South Korean manufacturers rely on China for certain components and equipment essential for chip production. Disruptions in supply due to geopolitical conflicts could hinder the ability of South Korean companies to procure the necessary tools for chip fabrication.

Additionally, the U.S. has reportedly urged South Korea to limit its exports of equipment and technology used in producing memory chips and advanced logic chips, specifically those more sophisticated than 14-nanometer processes and DRAM memory chips exceeding 18-nanometer technology.
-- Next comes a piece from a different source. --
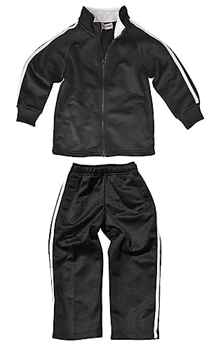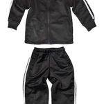 シメファブリックのキッズ・ジュニア用ジャージ上下セット。ブリスタースーツ体操服で男の子・女の子兼用。ラインジャージパンツ付き、150cmサイズ、カラーはブラックxホワイトです。

South Korean officials are contemplating this request, considering the potential impact on major firms like Samsung and SK Hynix, which have significant operations in China, their largest trading partner.

Furthermore, the Biden administration is contemplating implementing an export control strategy known as the foreign direct product rule aimed at allies that continue to supply chipmaking tools to China. This regulation would prevent the export of any goods manufactured with a specific percentage of U.S. intellectual property components to any country.